Depending on the cause of a bad mood, the following methods will help:
- Embrace. It sounds a little trite, but hugs really help children cope with sadness, stress, or a bad mood. Just hug your baby and don’t let go until he starts smiling. To speed up the process, you can tickle or kiss the child, “menacingly” promising to eat any part of his body.
- Fresh air. Sometimes, in order for the child to have fun, it is enough to be with him in the fresh air. If he is sad at home, then just get dressed and go out for a walk. As a rule, even a 15-minute walk around the house is enough. If the weather does not allow this, then at least open the windows, ventilate the apartment or go out with the child to the balcony. It is also useful to open the windows while traveling by car, and you can also offer the baby to “blow out” a bad mood into the street.
- Communication. Often, small children see only their mother for days on end. Yes, for them this is the closest and most beloved person, but the monotony causes a bad mood. Invite relatives, acquaintances from the playground, neighborhood kids to visit, or go with your child to a place where you can chat with other children.
- Antics. While the baby is still very young, you can cheer him up by showing funny faces and making funny sounds. Invite older children to fool around a little and make faces together. You can do this in front of a mirror or shoot on your phone, and then laugh together again, looking at the resulting photo or video.
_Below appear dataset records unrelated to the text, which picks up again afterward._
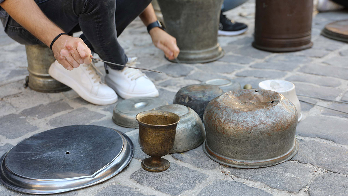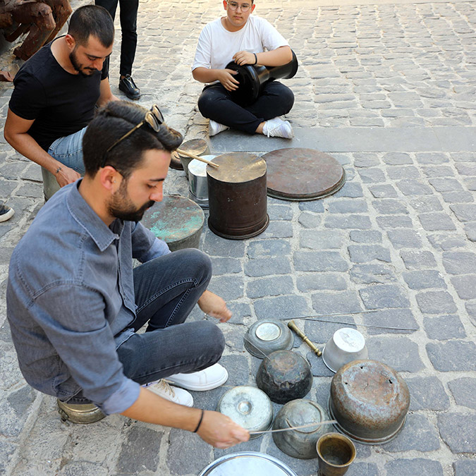 Gaziantep’te yaşayan ritim perküsyon öğretmeni İbrahim Tokmak, öğrencileriyle, kentte yaygın kullanılan bakır mutfak araç gereçlerinden kova, tencere, tas, kepçe ve tepsiyi enstrüman gibi değerlendirerek ritim orkestrası oluşturdu.
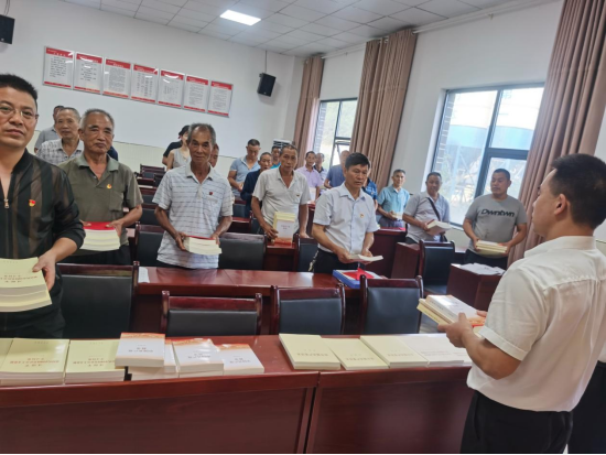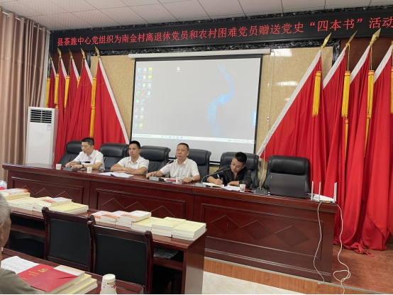 在南金乡南金村党总支部会议室,县茶旅中心驻南金村帮扶工作队代表中心党组织将《中国共产党简史》《论中国共产党历史》等党史学习书籍送到该村离退休和特殊困难党员30名代表的手里。
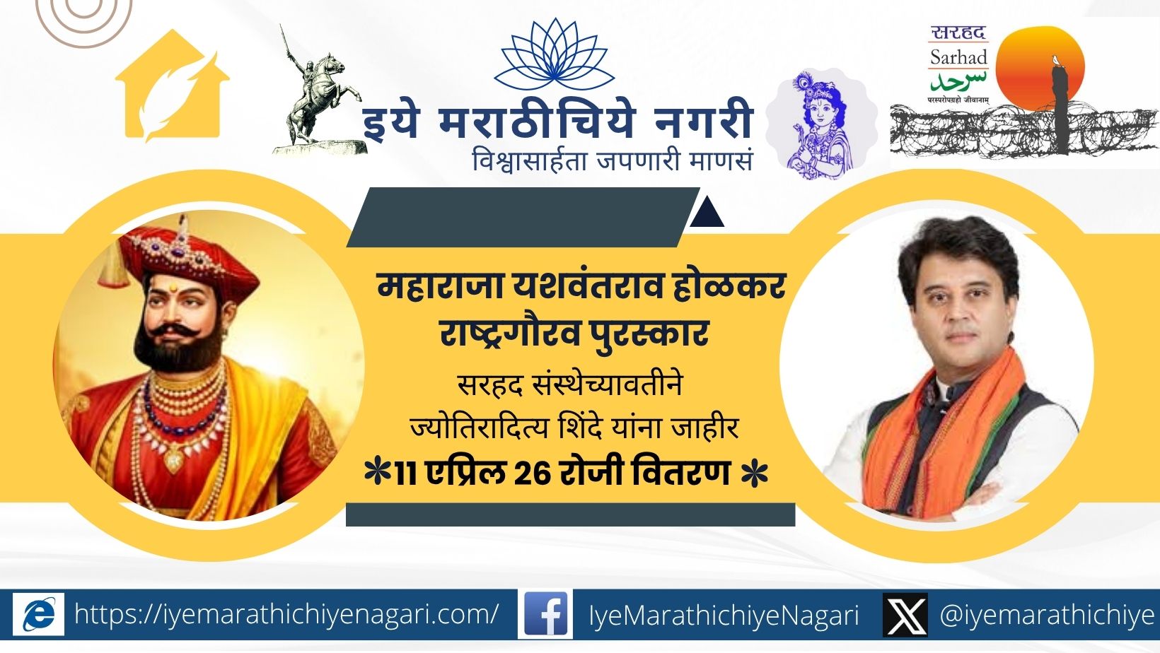 दिल्ली: महाराजा यशवंतराव होळकर यांच्या 250 व्या जयंती वर्षानिमित्त विशेष “महाराजा यशवंतराव होळकर राष्ट्रगौरव पुरस्कार” भारत सरकारचे केंद्रीय मंत्री ज्योतिरादित्य माधवराव शिंदे यांना प्रदान करण्यात येणार आहे. सरहद संस्थेच्यावतीने मुख्यमंत्री देवेंद्र फडणवीस यांच्या हस्ते हा सन्मान प्रदान केला जाणार आहे.
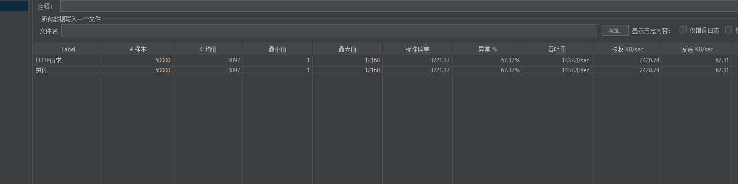 63.37%的异常,这63%的都是服务器处理不了的,也就是有一半以上的失败了,我们换2万试试
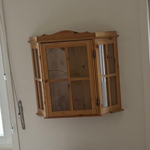 Vitrineskap i ubehandlet tre.
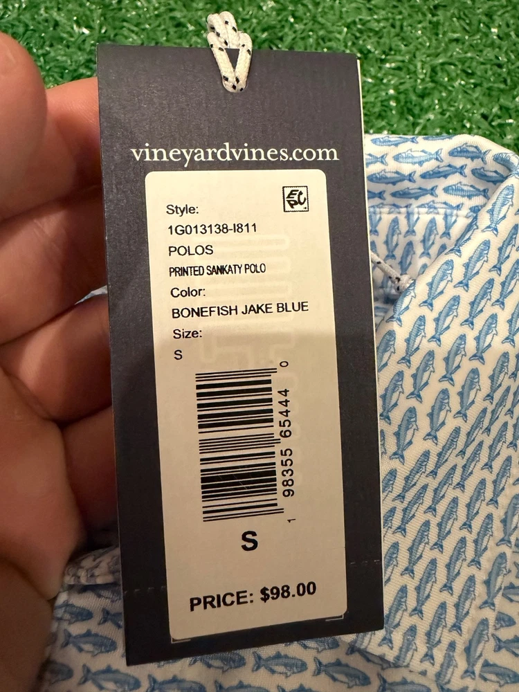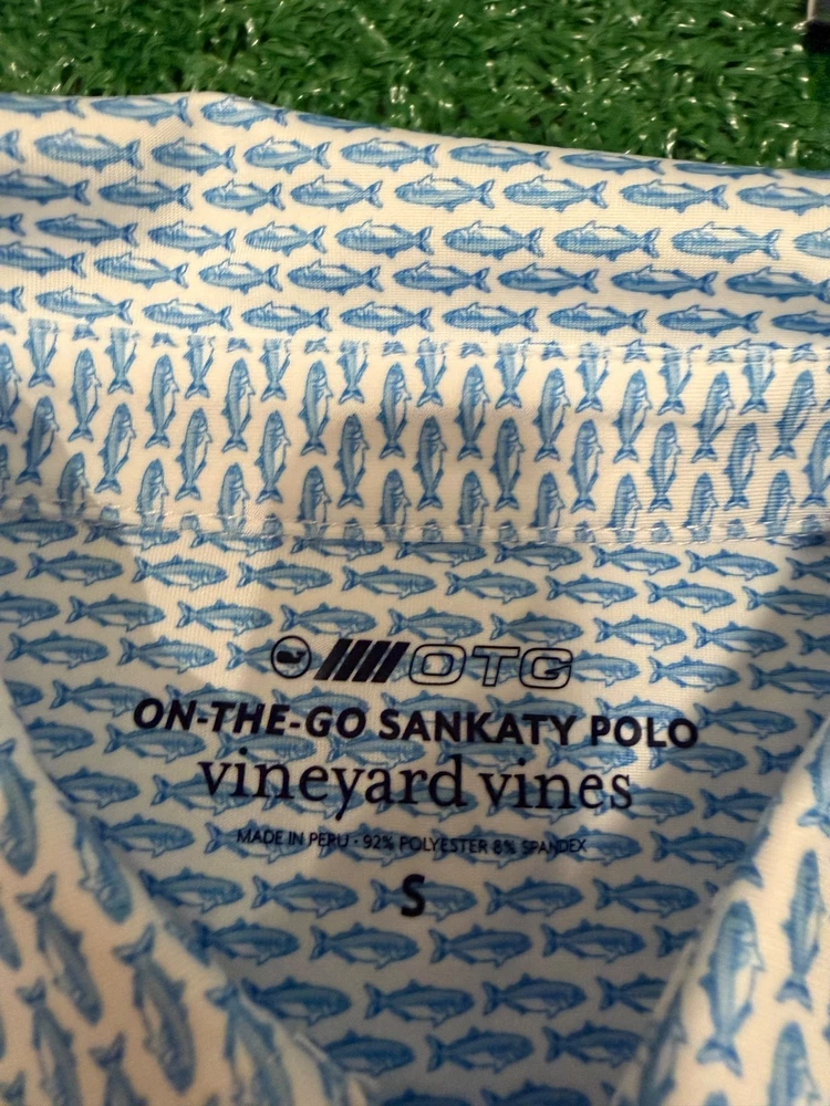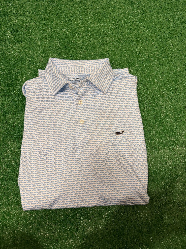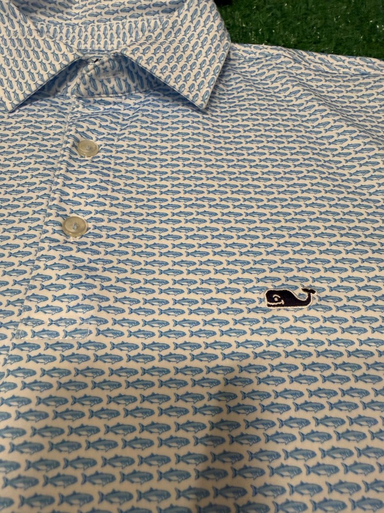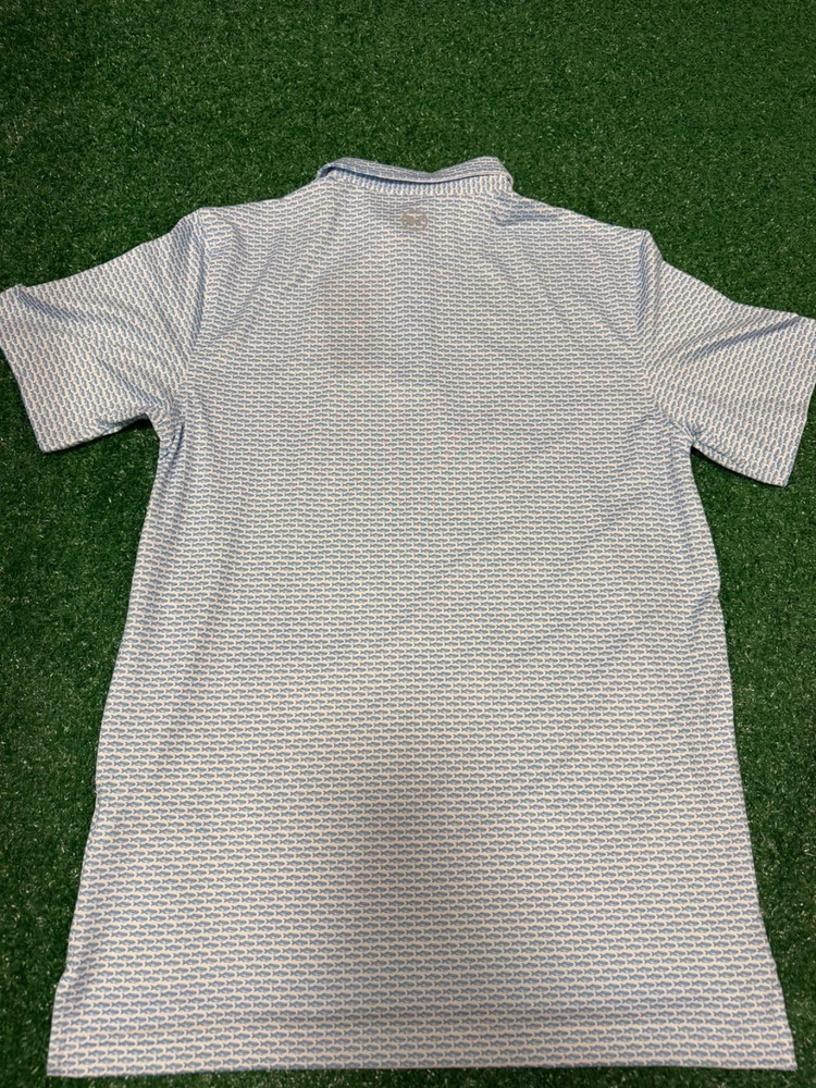 The New Vineyard Vines Golf Printed Sankaty Polo Shirt in Bonefish Jake Blue is a stylish and comfortable addition to any man's wardrobe. Made of polyester with a medium fabric wash, this short sleeve polo features a collared neckline, button closure, and a spread collar style. The shirt is designed for casual occasions, with a regular fit and a striped pattern that adds a touch of personality. Accented with the Vineyard Vines logo, this polo is ideal for a day on the golf course or any casual summer, fall, or spring outing. Machine washable for easy care, this polo is a versatile and practical choice for the modern man.
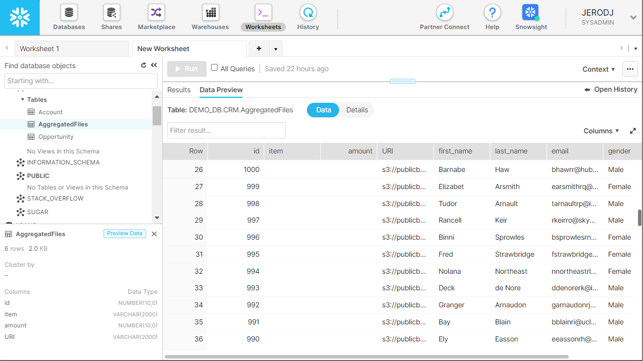 - 次に、Snowflake インスタンスを確認して、CSV ファイルのデータが正しくレプリケーションされたことを確認します。
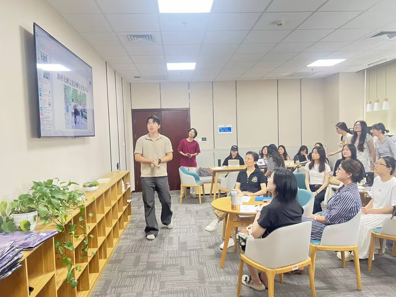 7月1日下午,外国语学院俞森林院长主持召开了交流座谈会。他重点介绍了汉语国际教育专业建设历程和实践创新特色,尤其是学院服务高铁“走出去”战略强化中外文化交流的办学特色与发展优势。国际汉语系主任王海玲分享了“中文+轨道交通”国际化人才培养模式,介绍了为“一带一路”沿线国家留学生量身定制的专业课程模块、行业导师制度、特色海外实践基地建设,并解读了“理论+研培+实践+反思”的特色教学模式。两校深入探讨了“研究生联合培养”“海外实习基地建设”等合作可能,并初步探讨了共建“轨道交通汉语教学资源库”的设想。调研组还就本科专业建设、研究生学术能力培养机制、国家社科基金项目培育以及研究生学术论坛品牌化运作等具体问题进行了咨询。俞森林院长强调:“对口支援进一步筑牢了两校院际交流的根基,我们要共同努力构建高质量发展的友谊桥梁。”会后,我们实地考察了外国语学院特色办公环境,观摩了学生暑期对外文化交流实践项目的筹备工作。
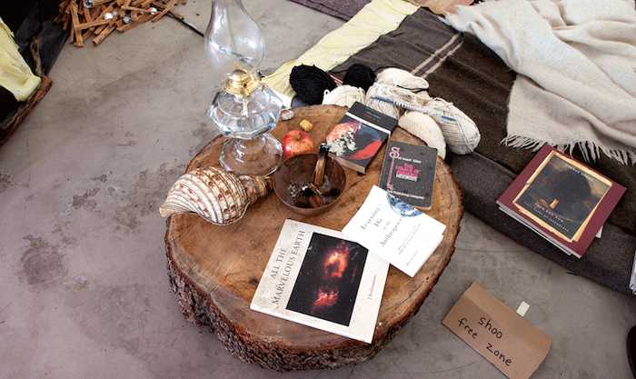 The gallery itself smells strongly of incense and beeswax, and Tibetan bells jangle on the door. In one corner, a mattress has a patchwork blanket thrown over it, and pegs display Koh’s denim-heavy wardrobe. (He no longer dresses exclusively in white.) In another corner, a sitting area has cushions scattered about, and a couple of low tables made from tree trunks. A baby grand piano stands surrounded by potted plants, with a cooking pot placed on the strings beneath its lid; unlike the bed and the tables, this assemblage is a work titled the whole earth (2017). On the music stand—ironically? unironically?—rests a book by Joseph Campbell called The Power of Myth (1989).
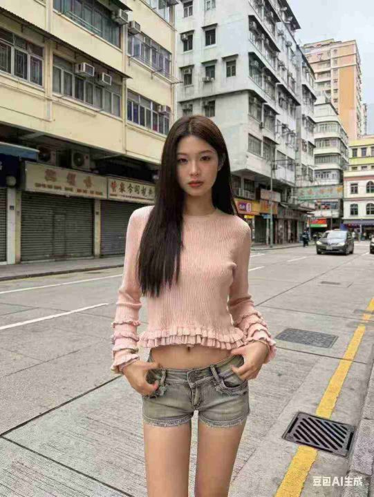 6.8元清品牌原单辣妹针织上衣,数量100件左右,单款粉...
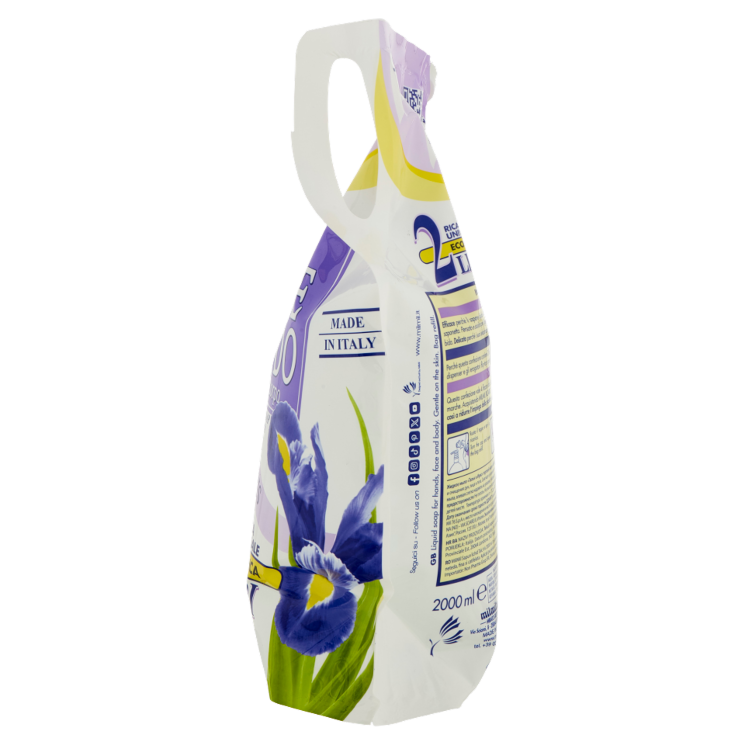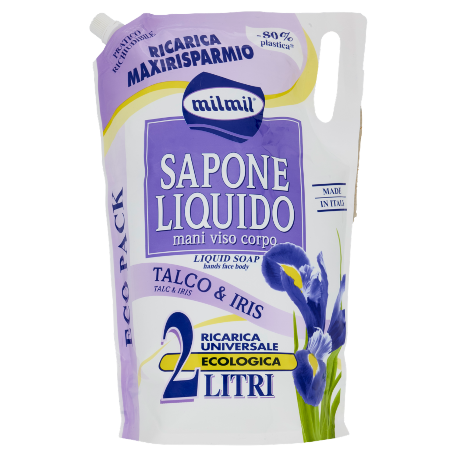 -80% plastica* contribuisci a ridurre il volume della plastica sull'ambiente * rispetto ad un packaging tradizionale Informazioni al consumatore Prodotto Efficace perchè il sapone liquido MilMil è specifico per detergere mani, viso e corpo in alternativa alla saponetta. Pensato e studiato per l'igiene e la pulizia quotidiana, lascia la pelle soffice, idratata e piacevolmente morbida. Delicato perchè i suoi selezionati componenti sono delicati, è quindi ideale all'uso per tutta la famiglia. Universale Perché questa confezione contiene 2 litri di Sapone Liquido, idoneo alla ricarica di tutti i flaconi con dispenser e gli erogatori flip-top e push-pull. Si può quindi definire per utilizzo Universale. Ecologico Questa confezione vale 4 flaconi da 500 ml, 2 flaconi da 1 litro, 8 flaconi da 250 ml delle più comuni marche. Acquistando MilMil Ricarica 2 Litri risparmi subito il costo dei rispettivi flaconi e contribuisci così a ridurre l'impiego della plastica non biodegradabile e il volume dei rifiuti.
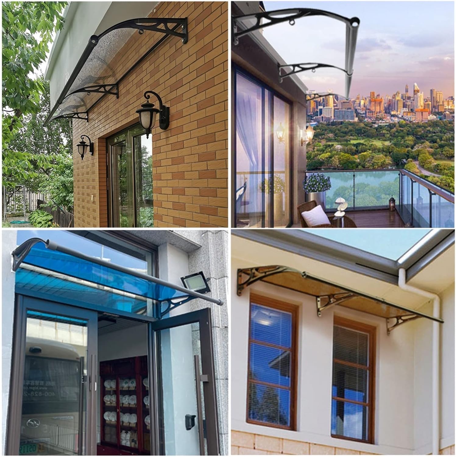 ★ The exquisite door canopy will not only enhance the appearance of your property, but also protect your doorway or window from precipitation without blocking the light.★ Features:-- It has good light transmittance, flame retardancy, UV resistance, rain and snow resistance, strong impact resistance, light weight and good sound insulation.-- The humanized small clothes drying hole design can help you solve small problems in life and make your life more comfortable.-- The canopy is easy to assemble when you need it, and with the included splicing strips, they are joined together without any gaps, enough to hold a lot of people and a great choice for shelter from the rain.-- It has super-weather ability,which maintains excellent performance in wide temperature range from -40° -120°.★ Specification:-- Material: polycarbonate-- Fixing Bars Material: Aluminum-- Size:(LxWxH)80/100/120/200/300x60/80x16/23cm(31.4/39.3/47.2/78.7/118.1x23.6/31.4x6.2/9in);-- Do you need assembly: Yes★ Combination of product panel color and bracket color:-- A: Brown + black-- B: transparent + black-- C: blue+black-- D: brown + champagne gold-- E: transparent + champagne gold-- F: blue + champagne gold★ Package includes:-- 1 x polycarbonate cover/2 x polycarbonate cover/3 x polycarbonate cover-- 2 x brackets/3 x brackets/4 x brackets★ Notice:1. Please measure the size of your window or door before making a selection.2. Regularly check all accessories and connections. If loose, tighten.3. Product color may vary slightly due to photographic light source or your monitor settings.4. Please allow 1-3 cm error due to manual measurement and make sure you do not mind this before ordering.

- Puppet show. Use your son’s or daughter’s favorite toys to act out a skit or mini-show. For example, a teddy bear may “come” to visit you to drive away tears or bring smiles. Turn on your imagination and invite your child to participate in this small performance.
- Music. Clockwork melodies can work wonders even in the saddest moment. Turn on a funny song, sing something yourself or invite the kid to be a musician – arrange an impromptu concert from improvised “musical” instruments. Play with pot lids, books, or dice.
- Favorite food. You can encourage the child with the help of his favorite dishes. And it is better to cook them together. Even if the baby does not know how to cook yet, you can have fun – make a funny face out of pasta, “draw” eyes from berries or jam on the porridge, make a cocktail of cookies and cocoa.
- Pleasant words. If the baby is sad because something is not working out for him, cheer him up with praise. Point out what he does well, how he tries, or joke that he frowned beautifully while he was sad. Any nice words spoken from the heart will certainly cheer up and give confidence to your child.
- Recognition of emotions. Never devalue children’s feelings and do not tell children: “Why are you sad ?! Found something to pout about! It doesn’t matter.” The child has the right to any emotions, and you must tell him about it. Help him recognize and acknowledge his feelings. To the smallest, just voice what they are experiencing at the moment. And with children 1-3 years old, you can draw or blind sadness, bad mood or resentment.
Tactile types of creativity – modeling, applications, drawing help to develop emotional intelligence and sensitivity. It is best to use different materials – cereals, sand, dough, plasticine or plain water.
Bad mood happens to everyone – both adults and children. But you can always find a way to change it for a good one that suits your child. Don’t be afraid to be funny, fool around, or turn into actors. In a playful and playful way, you can show your baby that having fun is much more interesting than being sad or offended!